Literature and database searches were conducted to identify variants in CYP27A1 that may be pathogenic. Bioinformatic assessment using SIFT, PolyPhen2, CADD, GERP++, and PhyloP was utilized to predict pathogenicity and those variants meeting criteria for being pathogenic are listed here. These variants are shown along with the results of the bioinformatic algorithms and their allele frequencies in five global populations according to the ExAC database. EUR = 33,370 Non-Finnish Europeans, FIN = 3,307 Finnish Europeans, AFR = 5,203 Africans, AMR = 5,789 Latino, EAS = 4,327 East Asians, and SAS = 8,256 South Asians. Source refers to where a variant was identified wether it be from the literature, ClinVar, and/or ExAC.
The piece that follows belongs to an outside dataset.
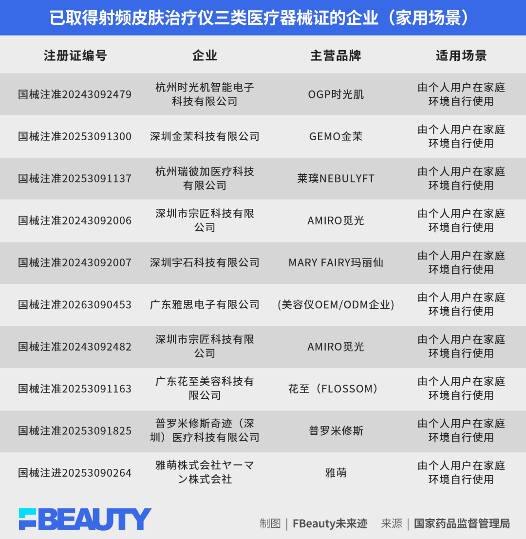 《FBeauty未来迹》在国家药品监督管理局发现,目前取得射频皮肤治疗仪三类医疗器械证的企业共有12家(AMIRO觅光母公司拿下两证),其中有3家的使用场景为医疗机构,其余均为“由个人用户在家庭环境自行使用”。

All CTX-causing missense variants were assessed for potential to perturb protein function using CADD, Sift, PolyPhen, GERP++, and PhyloP. CADD was conceived to combine information from multiple algorithms and as such represents a composite of 63 points of predictive data (Kircher et al., 2014). Rather than offering a categorical determination of pathogenic or not, CADD gives a Phred-scaled score. The average CADD score for variants demonstrated to be pathogenic appears to vary depending on the particular disease (Kircher et al., 2014). The average CADD score for CTX missense variants was 23 (Figure 1 and Table 1). SIFT and PolyPhen are widely utilized algorithms for predicting pathogenic effects of variants. We plotted the SIFT and PolyPhen scores, normalized from 0 to 1 with 1 being maximally damaging, for all missense CTX pathogenic variant. The average scores were 0.99 and 0.98 respectively (Figure 1 and Table 1).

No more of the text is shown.